= Data provided =
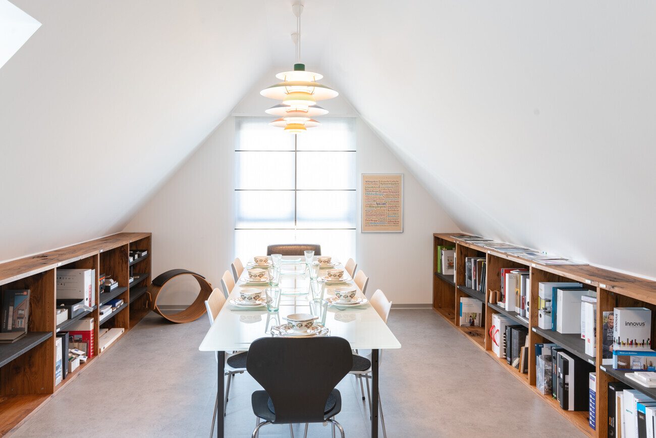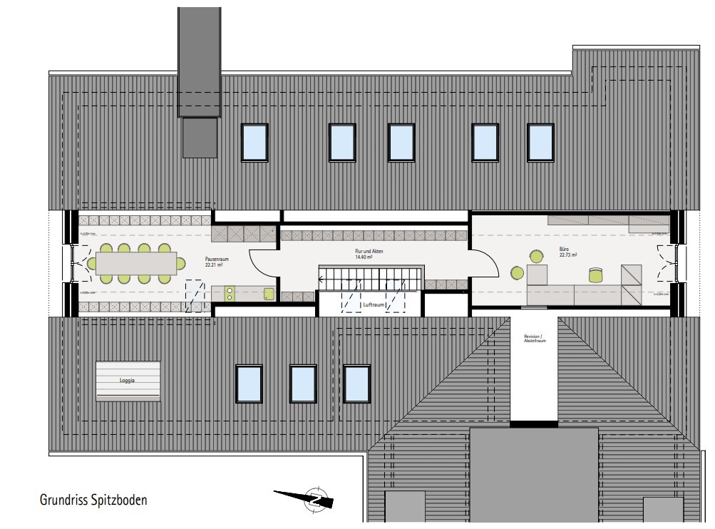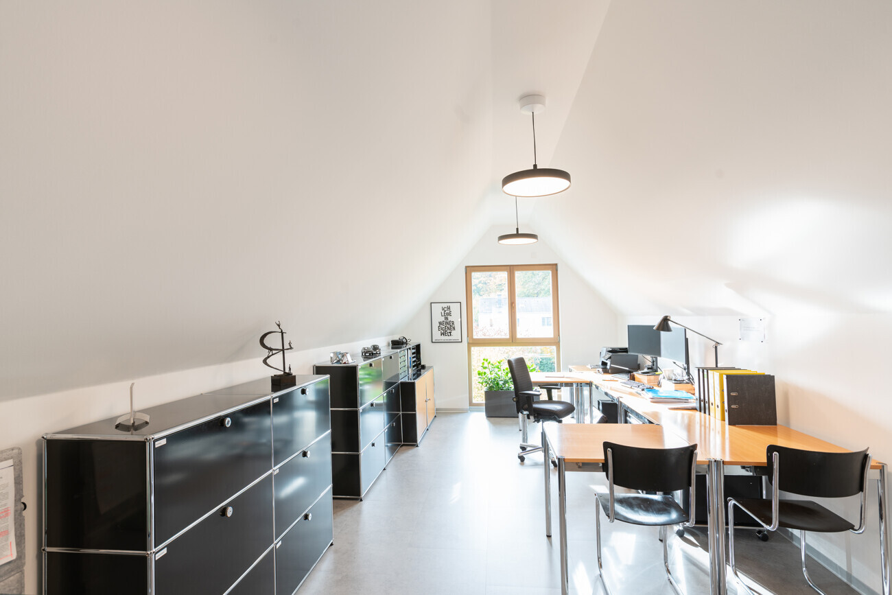 Der ausgebaute Spitzboden ergänzt die Fläche funktional und zugleich charmant: Hier stehen ein Pausen-/Besprechungsraum (ca. 22 m²), ein weiteres Büro (ca. 22 m²) sowie zusätzliche Flächen, etwa für Garderobe oder Aktenlager, zur Verfügung.
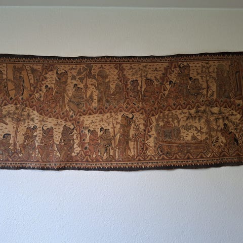 Vægtæppe, Tibetansk?, motiv: Livets hjul ?, Thangka. Kan du fortælle noget om det? Er det fra Tibet eller Nepal måske eller er det indisk? Skal sælges billigt og hurtigt giv et bud mindst 80 år gamle alle bud velkomne Tibetansk Thangka / Mandala fra Nepal eller Tibet. Mindst 80 år gammel. Håndmalet. Sjældent motiv. Vajrasadhu - Buddha - Buddhisme - Tibet - religion - religiøst motiv - østen
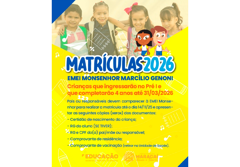 A Prefeitura de Maracaí, por meio da Secretaria Municipal de Educação, informa que estão abertas as matrículas para o ano letivo de 2026 na EMEI Monsenhor Marcílio Genoni. O processo é voltado às crianças que ingressarão no Pré I e que completarão 4 anos até 31 de março de 2026.
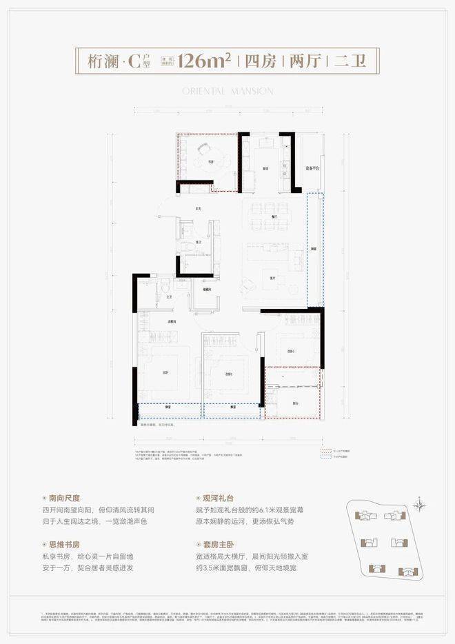 建面约126方4房2卫,270°稀缺边套四房

= Work to be completed =
The required output is the line containing "A Prefeitura de" plus every line after it to the end of the data, copied exactly and with no pictures.

= Reply to the task =
 A Prefeitura de Maracaí, por meio da Secretaria Municipal de Educação, informa que estão abertas as matrículas para o ano letivo de 2026 na EMEI Monsenhor Marcílio Genoni. O processo é voltado às crianças que ingressarão no Pré I e que completarão 4 anos até 31 de março de 2026.
 建面约126方4房2卫,270°稀缺边套四房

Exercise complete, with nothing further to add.